On Monday, my wife and I had our appointment with the reproductive endocrinologist. If we purchase our sperm and conduct our inseminations “under the direction of” a doctor, it’s mostly covered by our health insurance. However, in order to inseminate “under the direction of” a doctor, we first have to have a doctor. I received the referral from my regular gynecologist, whom I love, so I had high hopes for Dr. P. I made the appointment with Dr. P about 3 or 4 weeks ago. Because we don’t know what sperm banks Dr. P’s office works with, we have been waiting until this initial consultation appointment to begin really reviewing any donor profiles or whatnot. So the appointment was important to us, because it signalled the beginning of our search for our donor — which we now have just three months to complete.
It took us about a half an hour on Sunday night to fill out all the paperwork Dr. P’s office had sent to us. We showed up at 10:30, right on time, at Dr. P’s office, which was about 25 minutes away from our house. I handed in the paperwork, and we sat down to wait. My wife and I each pulled out a book and started reading.
Right around the time I noticed I was hungry, my wife looked up from her book. “It’s been 50 minutes. Maybe you should just go see what’s what.” No wonder I was hungry. It was approaching lunchtime. I walked up to the counter and asked if they had any sense how much longer we would have to wait.
“Well, have they taken your vitals yet?”
“No, we really haven’t done anything. Just waited. It’s been almost an hour.”
A few minutes later, my name was called. They took my blood pressure, temperature, and weighed me. Then they sent me back out into the waiting room. At 11:35, I looked at my wife and said, “If we aren’t called by 11:45, I think we should leave. An hour and 15 minutes is too long to wait. We can’t be doing this every time we come for an appointment.” We weren’t called.

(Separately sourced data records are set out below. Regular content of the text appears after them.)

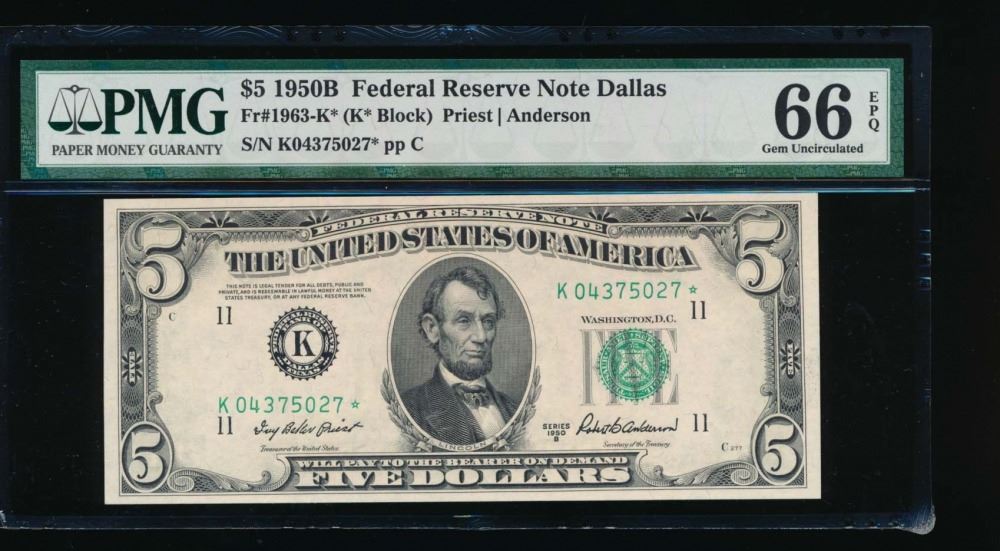 One 1950B $5 Dallas Federal Reserve Star Note PMG 66EPQ.
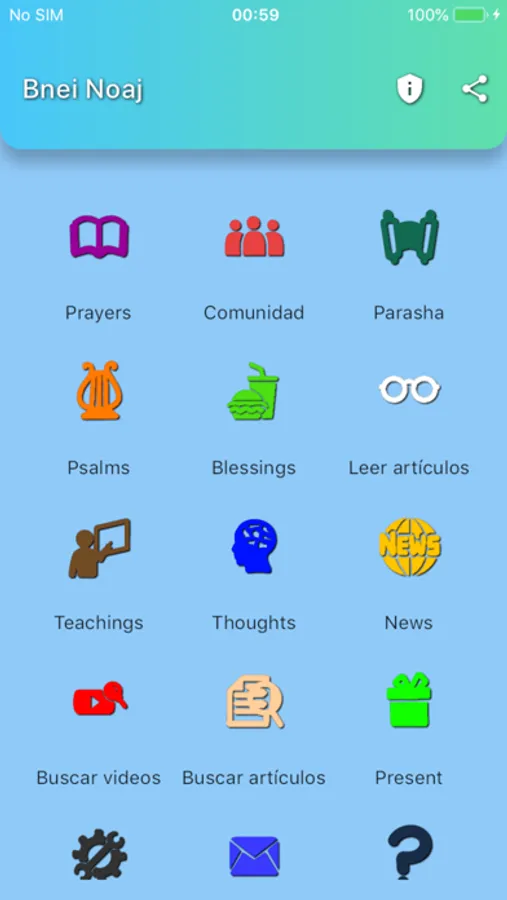 This app contains some study materials for Bnei Noach. It includes a prayer book, psalms in Spanish, daily thoughts, articles of general interest, and a description of all the sections of the Torah, with different teachings.
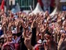 Erdogan selbst lässt sich auch gern mit einem hand-gemachten Symbol ablichten. Bei diesem Zeichen werden die vier Finger in die Höhe gestreckt und der Daumen auf die Handfläche geknickt:
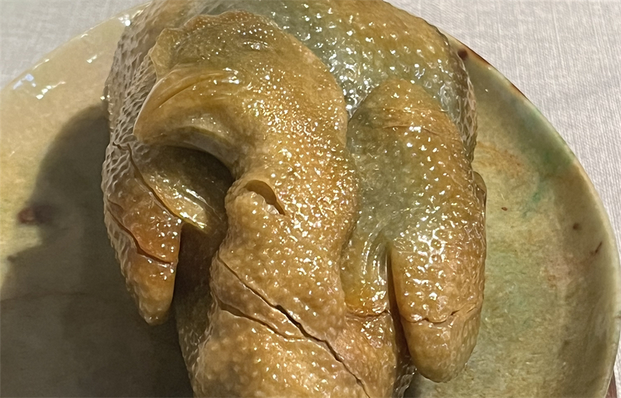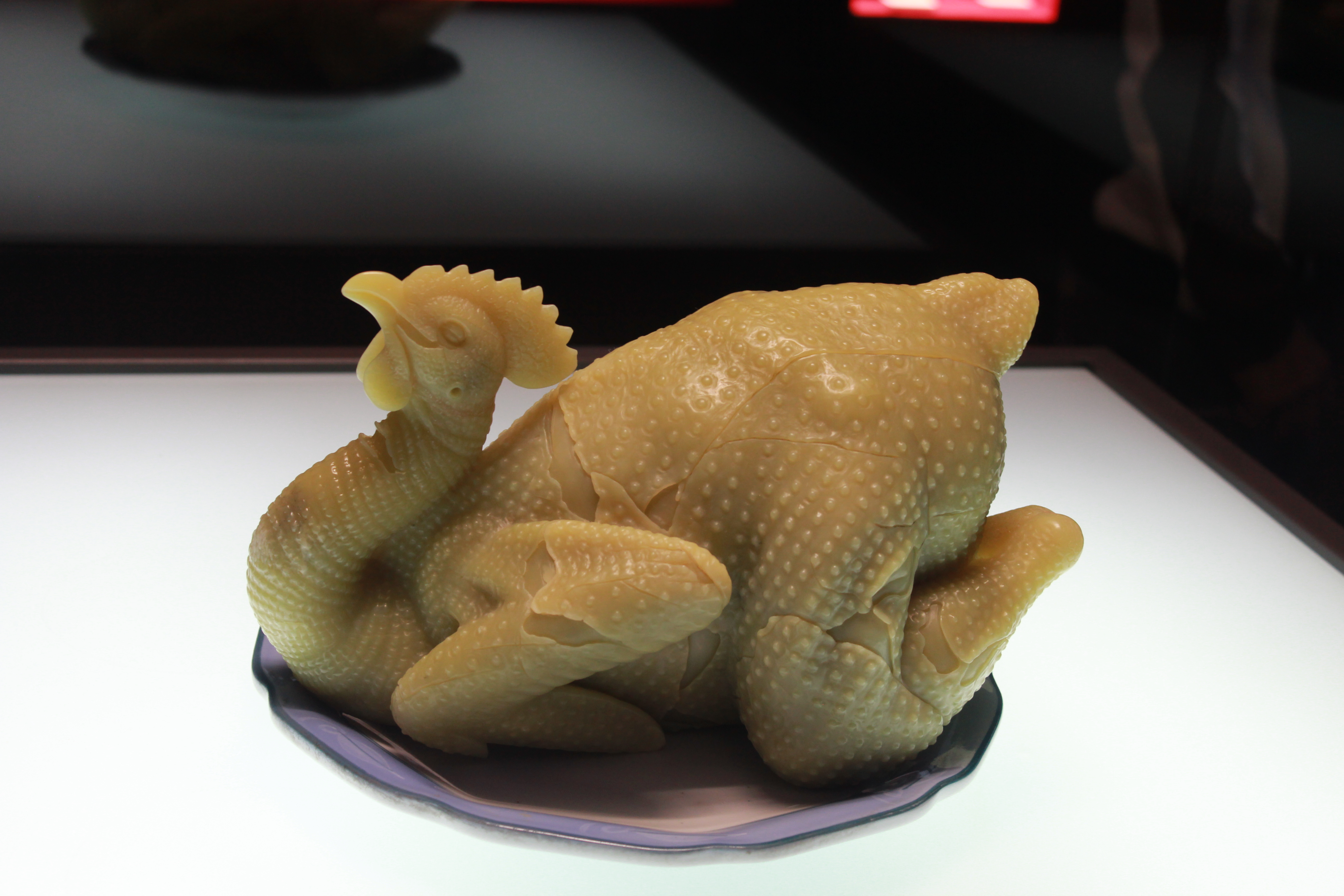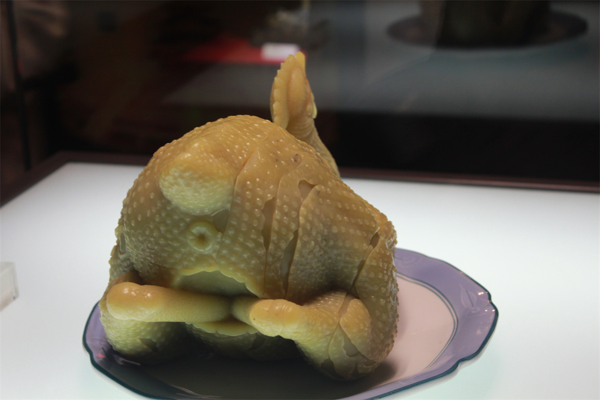 These two Cantonese poached chicken sculptures carved from jade, one on display at the Guangdong Provincial Museum in Guangzhou City, and the other at the Zhaoqing Museum in Zhaoqing City, vividly depict the dehiscent skins and pimples on the skin as if the chickens had just come straight out of the pot.

At 11:45, I walked up to the receptionist. “Could you please refund my copay? We are going to go, we don’t want to wait anymore.”
The first receptionist looked at the second receptionist. “Do you know where Dr. P is? Is she with a patient?”
“No,” said the second receptionist. “She’s in her office with the door shut.”
“Wait just one minute,” said the first receptionist. “I’ll go get her.”
“That’s fine,” I said, “but we’re going to leave anyway. We don’t want to wait anymore.”
After the first receptionist went to the back, the second receptionist said, “She does this all the time.” I looked at my wife. My wife looked at me.
“This is our first appiontment,” I said finally.
“Really? Your consult? I can’t believe she’s made you wait this long for your consult.” Hm. Me either.
At 5 minutes to 12, Dr. P emerged from the back. We shook hands, and she said she could see us now. “Thank you,” I said, “but we’re not staying. We don’t think this is going to work for us. We want to see a doctor who has time for us.”
“I have time for you now,” Dr. P protested.
“Thank you, but I meant more generally. We want someone who has room to take us on. We’re really just waiting for our copay to be refunded.”
“I’m sorry, but other patients were late this morning, and it’s made me a little backed up.” Now, if Dr. P had said that she had a family emergency and had been on the phone for an hour, or that she had a patient emergency, or some other type of extenuating circumstances, I might have decided to go ahead and have the meeting. But I just do not believe that her patients between 9 am and 10:30 we so late that she was running 90 minutes behind schedule. And frankly, I have a problem with people who choose not to take responsibility for their own actions. I thought blaming it on other patients was a little bit underhanded. So I politely thanked her again, and signed the refund slip for my copay.
As we were getting our coats together, at noon, Dr. P called the patient who had been waiting after me — the 11 am appointment. But that person never responded, because it turns out they had walked out too.
I’m extremely disappointed that we have to now find another doctor, and get a new appointment, and sort out all the paperwork, and wait all over again, before we can get started. But I am extremely happy that we will not spend 90 minutes a month waiting for Dr. P to emerge from her office to see us. This is supposed to be a positive experience, and waiting for Dr. P was anything but.
And I really proud of myself that I held my head high when we walked out of Dr. P’s office, and, in fact, made it all the way into the parking lot before the tears of disappointment came.